Pomyślałem wieś, lub peryferie miasta. Jest jeszcze miasto.
Pojechałem do słynnego "Olimpu", dziś już nazywającego się nieco
inaczej. Cisza. Wychodzący z lokalu, pewnie właściciel, omiótł ciekawie
wzrokiem mój samochód i pojechał do domu.
"Olimp" był też zamknięty.
Dziennikarze mówią - dobra wiadomość, to żadna wiadomość. Adrenalina
niesłusznych oczekiwań na ostry artykuł opadła i pozostała radość
napisania czegoś dobrego. Jednak dziennikarski nerw nie dał mi spokoju.
W bocznej ulicy biegnącej od ulicy 3 Maja jest wszak inny lokal.
Podobno na dziś awangardowy. Pojechałem. No i okazało się, że "cywilizacja"
postępu została w mieście uratowana. U "Szpaka" zabawa po pachy.

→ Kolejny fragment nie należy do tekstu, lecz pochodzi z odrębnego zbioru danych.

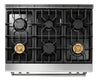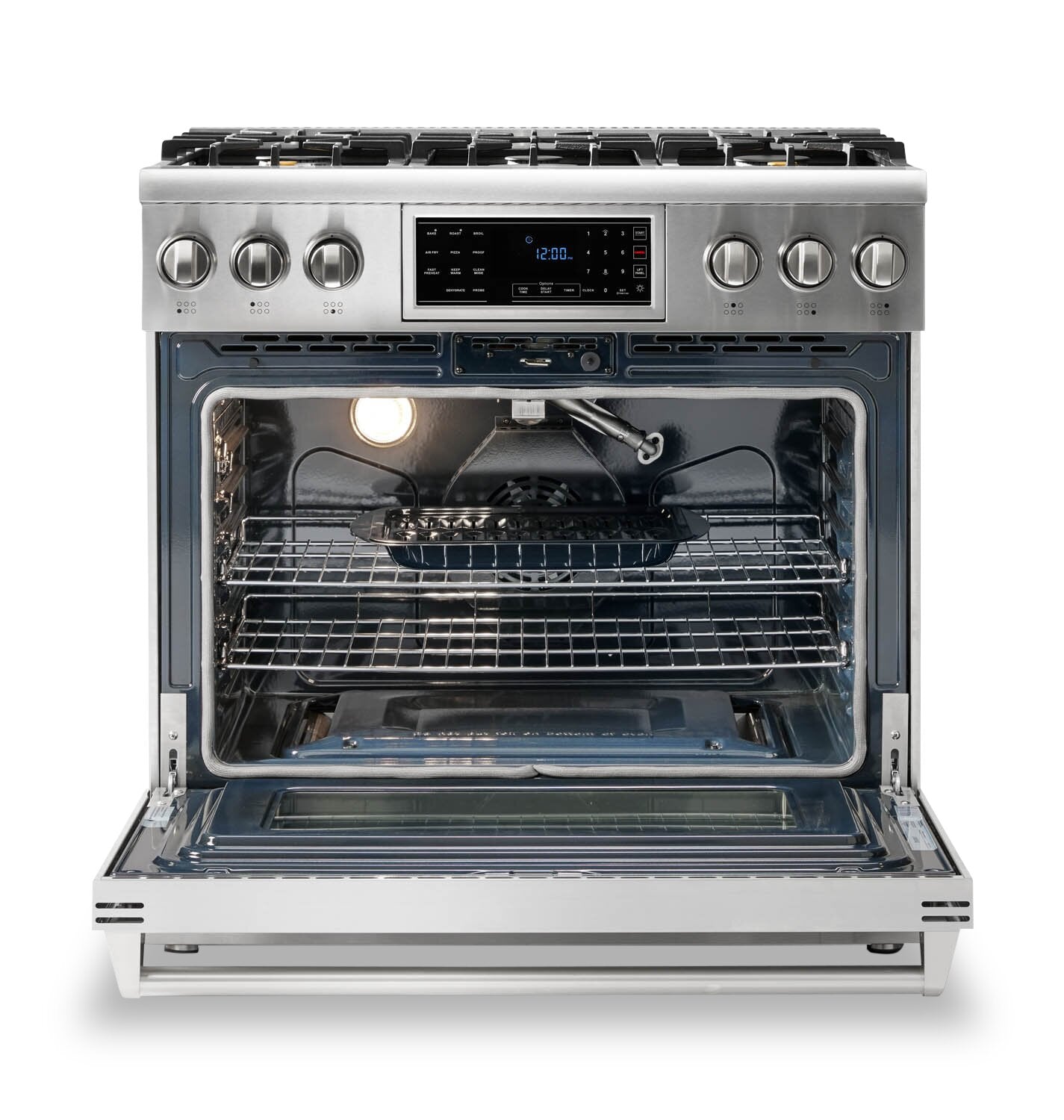 High-Powered BTU Burners: Tilt Panel: True Convection Fan: Air Fry: Multiple Cooking Modes: Continuous Cast-Iron Grates: Self-Clean: |

Ostra muzyka, równie ostre pokrzykiwania. Tutaj religijny ciemnogród
nie zakłócił cywilizacyjnego postępu. Bałem się wejść, ale muzyka
i chwiejne kroki opuszczającego lokal klienta powiedziały wszystko.
Program rozrywek proponowany w tym lokalu nie uznaje pustki. Zawsze
coś się dzieje i w piątki i w dni postu - po prostu zawsze.
Chciałem wyrazić szczere podziękowanie nieznanym mi decydentom "
Szalonego Młyna" i dawnego "Olimpu". Dzięki za to może nieuświadomione,
ale naturalne świadectwo wiary i solidarności z ludźmi, którym ten
post miał pomóc w odzyskaniu pokoju, który jest darem Boga, tak niebacznie
niszczonym przez człowieka. Zaś "cywilizacyjnie poprawnej" dyskotece,
jej właścicielom życzę, by odczuli kiedyś smak międzyludzkiej solidarności.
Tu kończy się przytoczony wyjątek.